St. Jude’s Medical, a newly-acquired subsidiary of Abbott Pharmaceutical, was issued a class-2 recall by the FDA for their pacemaker and defibrillator devices. These particular types of pacemakers and defibrillators are placed inside a patient’s chest and administer small shocks of electricity in order to keep the patient’s heart beating properly. Those recalled will either fall under the category of implantable cardioverter defibrillators (ICDs) or cardiac resynchronization therapy defibrillators (CRT-D). They are used to treat chronic, life-threatening conditions, such as ventricular fibrillation and other conditions that affect a person’s heartbeat.
The FDA recall is, essentially, a software update meant to boost the security of the already-implanted medical devices. Physicians are being administered the software by Abbott under order of the FDA. 740,000 different devices have been dispensed to patients that will require the update. (If you or a loved one is implanted with a Saint Jude’s brand pacemaker or defibrillator, then your physician should administer the software update during your next appointment.)
In an effort to reduce invasive procedures, Abbott controls their cardiac devices through radio frequency. This allows one’s doctor to alter the severity and frequency of the shocks without having to even touch the patient. Professionals are concerned, however, that there may be potential cybersecurity issues with the ICDs and CRT-Ds. It is not unthinkable for someone to hack into one’s pacemaker, even with commercial equipment. The hacker could raise or lower the frequency or severity of the shocks to one’s heart or rapidly deplete the device’s battery. Matthew Green, an associate professor of computer science at John Hopkins University, calls this oversight “probably the most impactful vulnerability I’ve ever seen [in a medical device].” Green and other professional believe that those who are vulnerable could be extorted by hackers.
However, there has not been an instance where someone has had their pacemaker manipulated by anyone other than their doctor.
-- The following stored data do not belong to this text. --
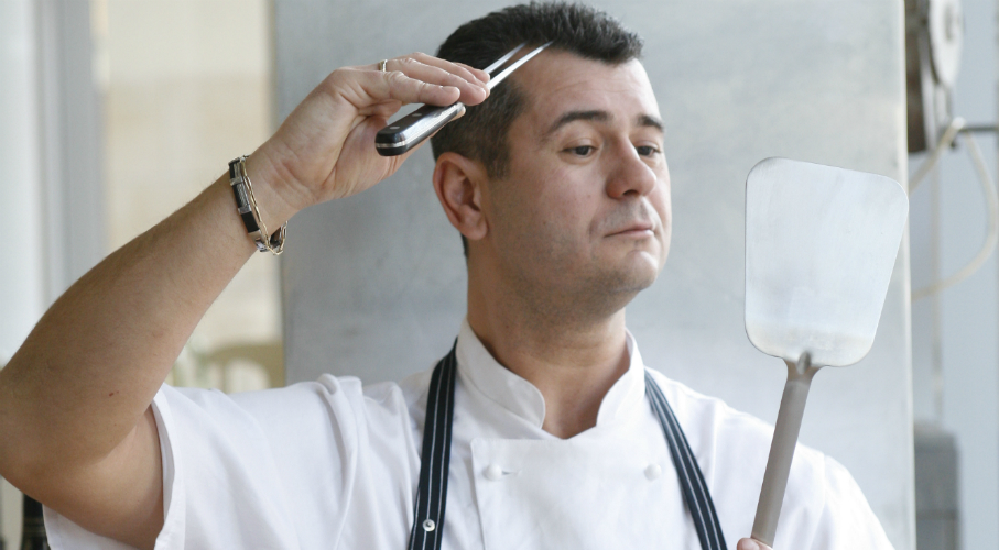 A paradicsomokat leforrázzuk és lehúzzuk a héjukat. Felcikkezzük és a csumáját eltávolítva a hús alaplében, sóval, borssal pár perc alatt megfőzzük. Belerakjuk a friss, vágott petrezselymet és bazsalikomot, 6-7 percig forraljuk, majd a tejszínnel még 1-2 percig forraljuk. Alaposan leturmixoljuk. A halványító zellert vékony csíkokra vágjuk, olívaolajon lepirítjuk, majd hozzákeverjük a megfőzött jázmin rizst. A halat sózzuk, borsozzuk, és olívaolajban hirtelen mindkét felét pirosra sütjük. Mellette személyenként egy fél paradicsomot és egy karika padlizsánt pirítunk.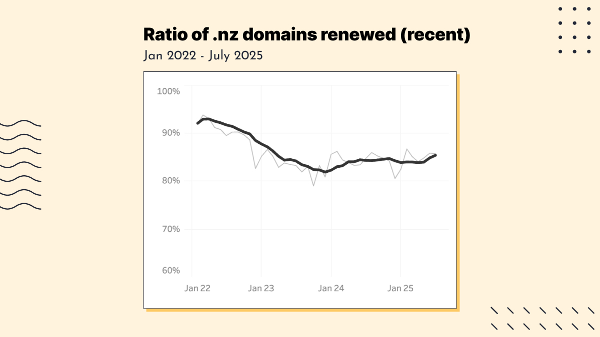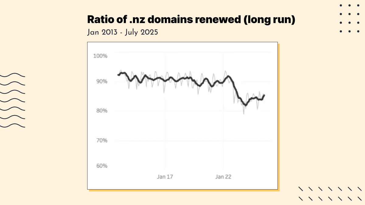 Small-sounding changes can make a big difference. When renewals ran at 80%, NZ needed to replace 1 in every 5 expiring domains just to stay where we were. At 90% that would be halved to only 1 in 10.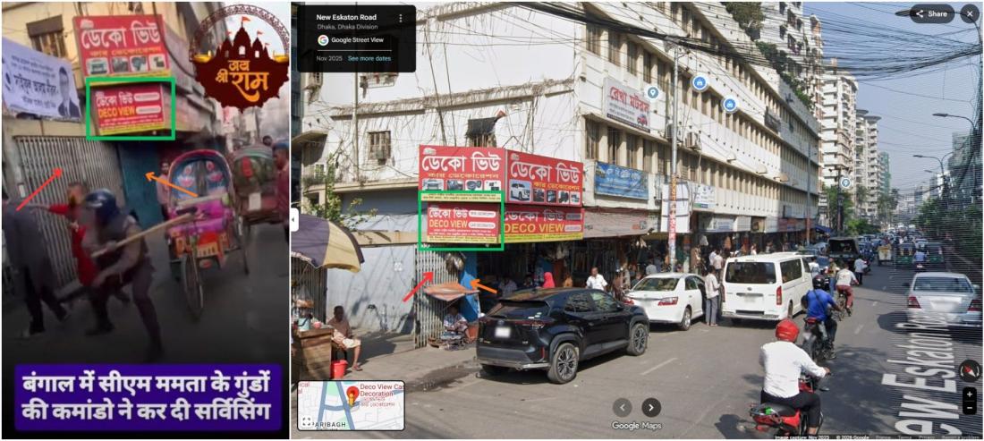 एएफ़पी ने फ़ुटेज को ढाका में जियोलोकेट किया, जहां गूगल मैप्स स्ट्रीट व्यू पर उसी दुकान के साइनबोर्ड और गेट देखे जा सकते हैं (आर्काइव्ड लिंक).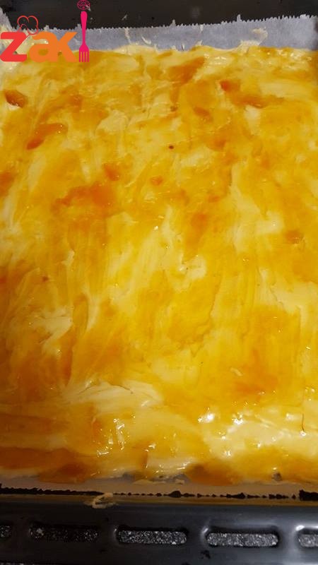 نضع على وجه العجينة 6 معالق مربى المشمش نمدهم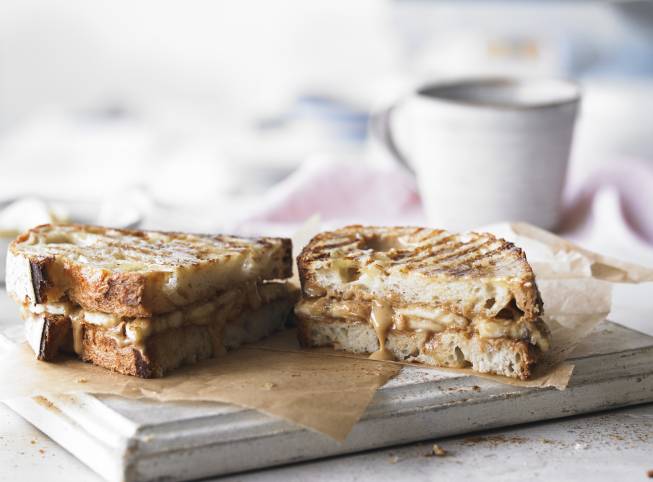 Eine Grillpfanne oder einen Sandwichmaker vorheizen.
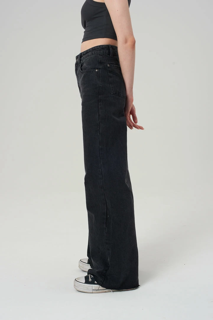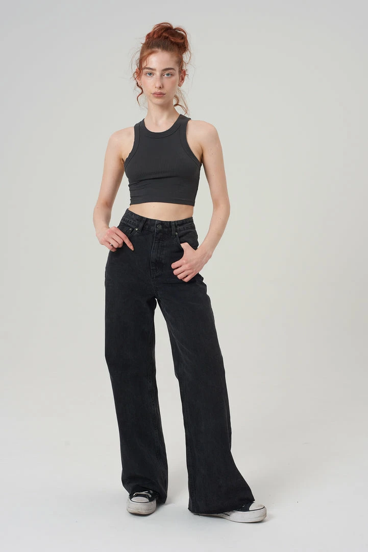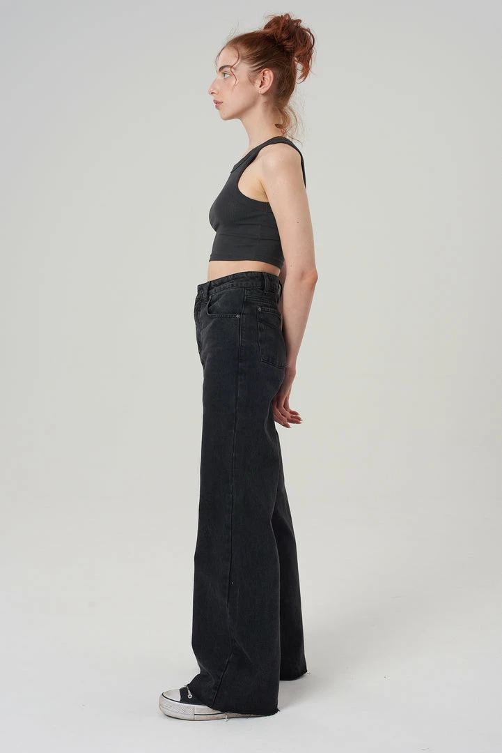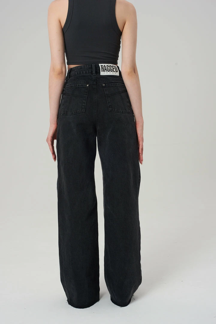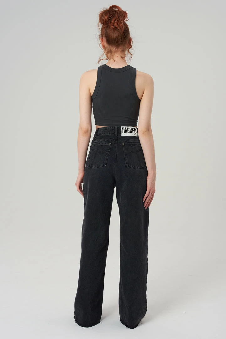 The Ragged Priest signature Trip fit in our charcoal wash organic denim with classic “Ragged Jeans” belt loop back tab.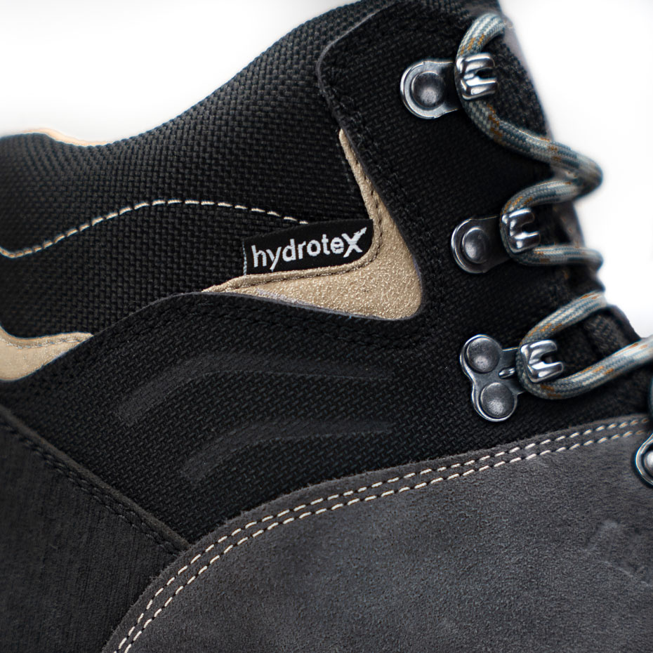 Zewnętrzna warstwa cholewki wykonana jest z pierwszej jakości skóry zamszowej oraz mikrofibry Całość została zaimpregnowana, co zapewnia pierwszą barierę przed wodą.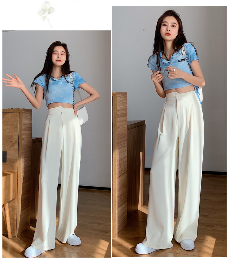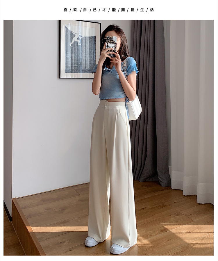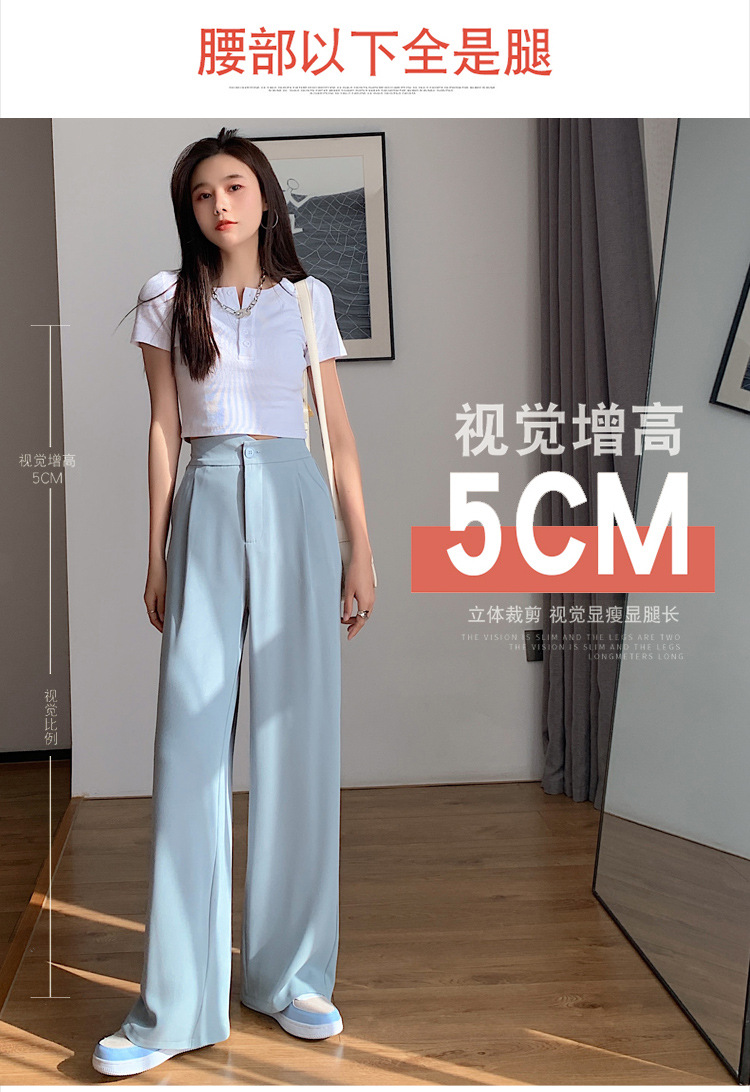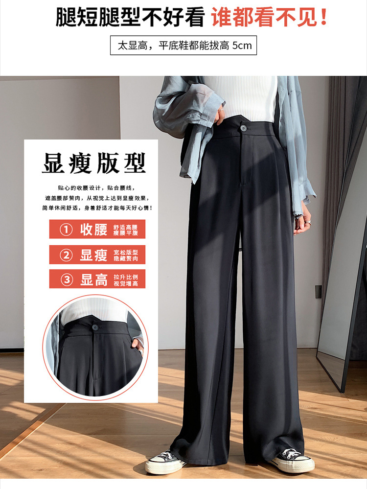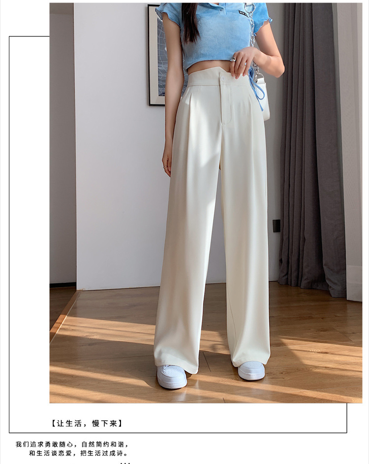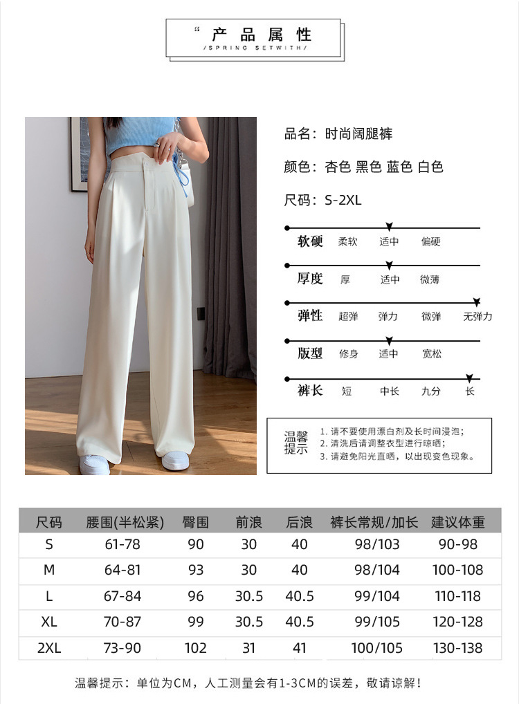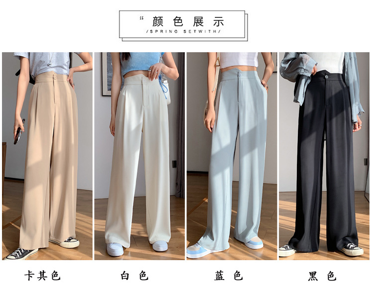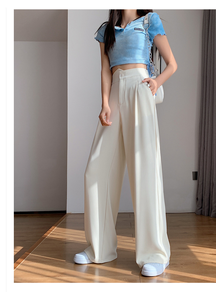实拍白色阔腿裤女高腰垂感2022春夏拖地长裤直筒宽松显瘦西装裤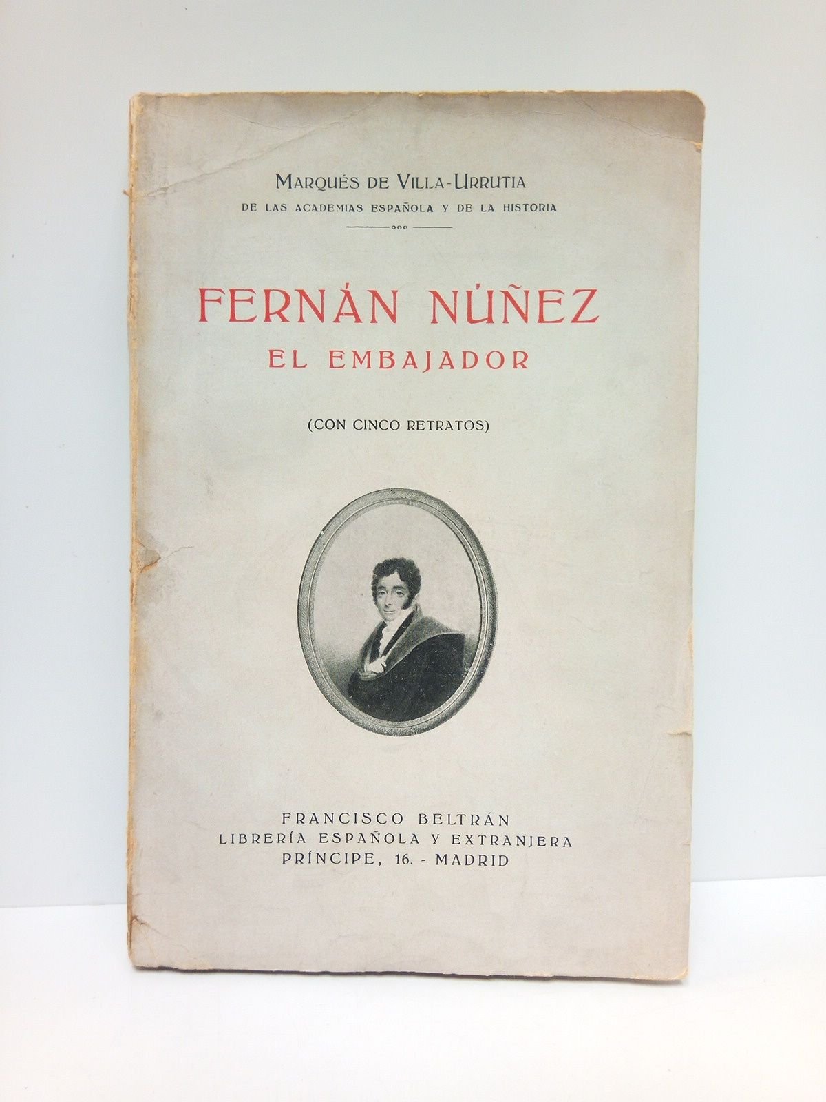 Madrid: Francisco Beltrán (Tip. Artística), 1931.- 266 p.: 5 láminas con retratos, una de ellas en la contraportada con el retrato de cuerpo entero de Fernán Núñez; 4° (22 x 14,3 cm); Rústioca Ed.* La lomera con una pequeña falta en la cabeza. Las cubiertas algo ajadas. Lleva pegado un retrato de Villa-Urrutia (recorte de periódico) al verso del retrato de Fernán Núñez. En general buen estado. GUERRA DE LA INDEPENDENCIA-FERNANDO VII
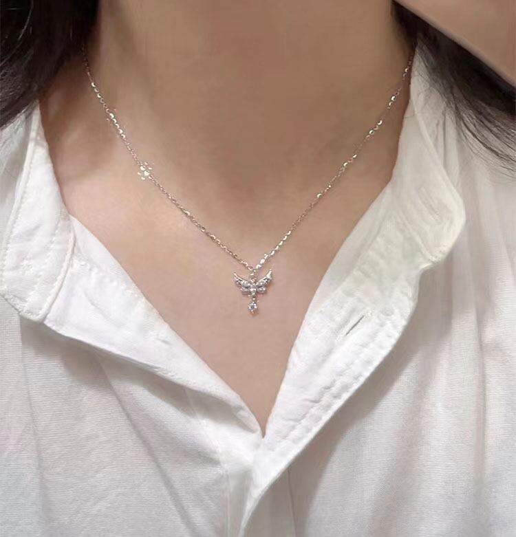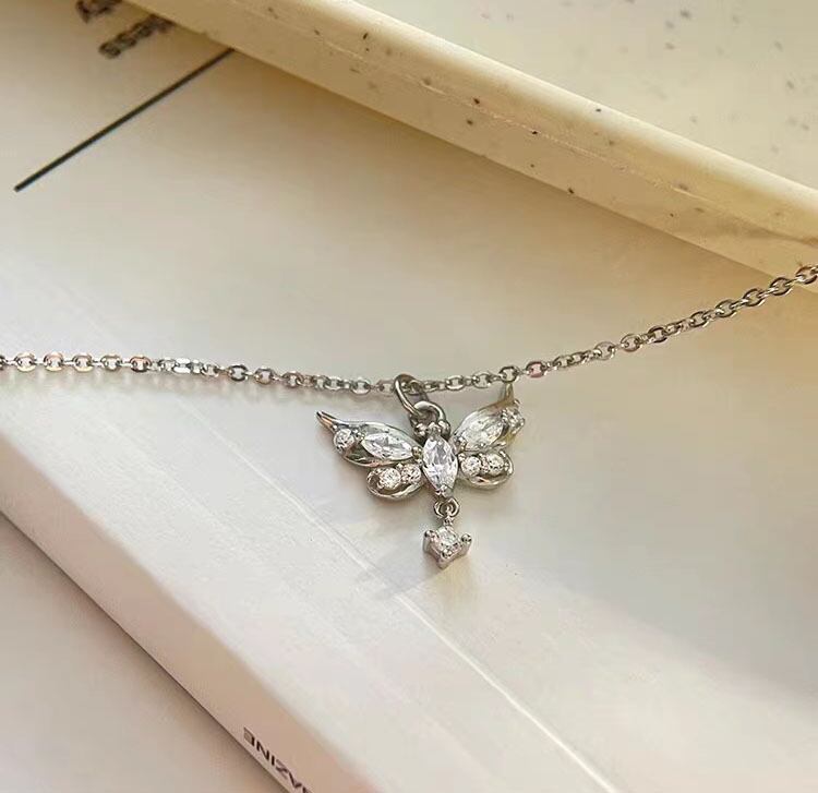 優雅な蝶の翼をモチーフにした、S999純銀製の流れるようなタッセル付きネックレス。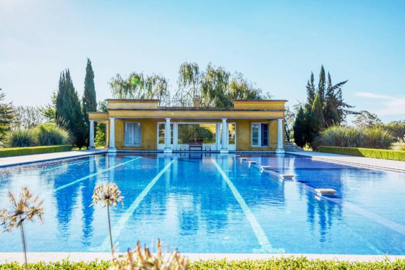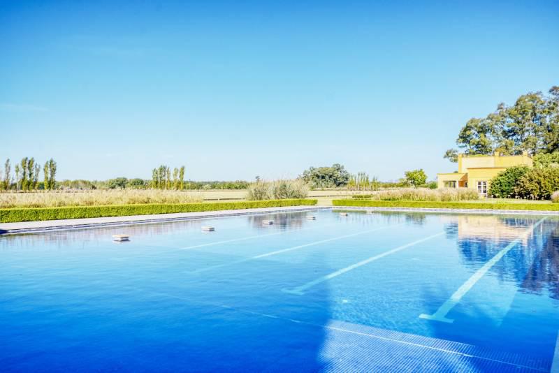 A pocos metros del Main House se encuentra la piscina climatizada de 30 por 15 metros, cuenta con solarium, zona de hidromasaje, amplio espacio playo apto para muebles y living y área de baja profundidad para niños.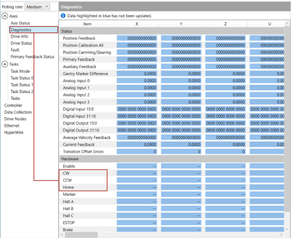 If the EOT limits are reversed, you will be able to move further into a limit but be unable to move out. To correct this, swap the connections to the CW and CCW inputs at the Feedback connector or swap the CW and CCW limit functionality in the software using the EndOfTravelLimitSetup parameter. View the logic level of the EOT limit inputs in the Diagnostics display (shown in End of Travel and Home Limit Input Diagnostic Display).

The Department of Homeland Security, too, has stated that, while it is possible for one to hack into and control these devices, it would be extremely difficult and require a great deal of expertise.
For more information and specific devices that have been recalled by the FDA, check on the Minnesota Star Tribune article on St. Jude [HERE].
The FDA is preemptively trying to eliminate such threats from other medical appliances that use radio frequencies. Earlier this April, the FDA announced a comprehensive plan to combat cybersecurity threats to the medical industry. Titled the Medical Device Safety Action Plan, new devices would be equipped with software/firmware that would allow them to be updated at will by the FDA. This would allow them to be renovated as the technology and threats change on an ongoing basis. In tandem, the FDA has requested to fund a CyberMe. Safety Analysis Board for the 2019 fiscal year. This new board would be specifically formed to scrutinize cybersecurity safety risks in new and existing medical devices. Interestingly, the board will be formed via a public-private partnership, with industry experts taking part in the design of the software.